The definition of what effective mathematics teaching looks like very much depends on what purpose we assign to teaching mathematics. A classroom where the primary objective is to teach students a specific set of mathematical skills for them to use later will look much different than a classroom where the primary objective is to teach students how to think mathematically, although there is obviously overlap between those two classrooms. For a good description of the type of classroom which achieves the first goal but fails at the second goal, see When Good Teaching Leads to Bad Results by Alan Schoenfeld.
I will describe a classroom where the primary purpose of the classroom is to encourage mathematical reasoning, with a secondary benefit of students practicing mathematics skills they have developed.
What are the students doing?

Students are engaged in the standards for math practice.
The Common Core Standards for Mathematical Practice, which are similar in many ways to the NCTM Process Standards, are a useful tool for understanding the types of activities students should be engaged in within a mathematics classroom.
In order to really do mathematics, students need opportunities to problem solving, to use mathematics they know to model processes, and to do all of this in the sociacultural contexts of their classrooms. Both of these sets of process standards do an excellent job of defining what it means to do mathematics, but are flexible enough to allow for a variety of different activities to qualify.
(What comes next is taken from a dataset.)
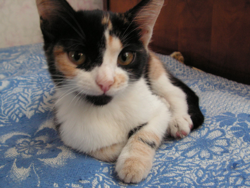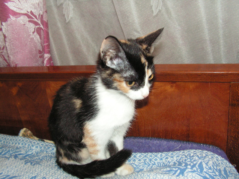Отдадим в ответственные руки очаровательную кису, возраст - 3,5 мес. Очень игривая и активная, но в то же время ласковая. Ходит в лоток. Окрас трехцветный - рыжеполосатый, черный и белый. Глаза ражие!!! Звоните 8-913-935-01-четыре-шесть.
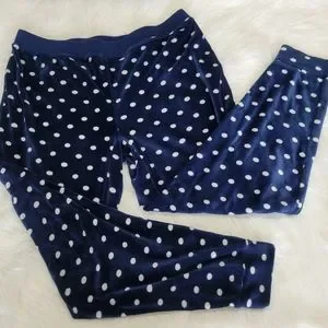 Jenni Intimates Polka Dot Velour Lounge Wear Set Hoodie & Pant Set L EUC Navy

Spending significant time solving rich mathematics problems.
Routine problems with limited opportunity for investigation might be acceptable for students to use to practice skills they have learned, but they do not have the breadth necessary to allow students to do the inquiry necessary to learn mathematical reasoning. A significant amount of time in the mathematics classroom investigating, postulating, formulating, deciding, and analyzing mathematical situations is necessary if the habits of mind required for mathematical reasoning are ever going to be adopted by students.
For excellent examples of rich mathematical tasks (some of which are used for assessment of understanding, and others are used more to prompt student thinking) see some of the web sites linked here.

Students talk to each other about math.
While there is definitely value in students spending at least some of their time thinking independently, there is tremendous value in students having opportunities to discuss mathematical ideas and problems with each other. The first is that it is through the repeated access to different linguistic and representative variations on an idea that we come to more than a superficial understanding of that idea. If I say words, you hear the words, and you might even think you can assign some meaning to those words, but it is only when you hear other variations on the formulation of the ideas behind the words, and see other representations (often physical or pictoral) of the ideas represented by those words, that you can come to a full understanding of the concept. For more information on the dangers inherent in a "linguisticonly" understanding of concepts, see Richard Feynman on Education in Brazil.
There are other benefits of students talking to each about mathematics. One benefit is the person who describes their solution is either likely to see flaws in their reasoning (or at least receive feedback on those flaws) or in the articulation process of their reasoning, come to a better understanding of the concept. Another benefit is that instead of just one person in the room able to give feedback to students, every student in the room becomes a resource for each other. Finally, someone who has just learned a concept, and more importantly recently moved past their own flawed models of that concept, is often more able to explain the concept as compared to someone who learned the concept long ago, and no longer remembers their struggles with it.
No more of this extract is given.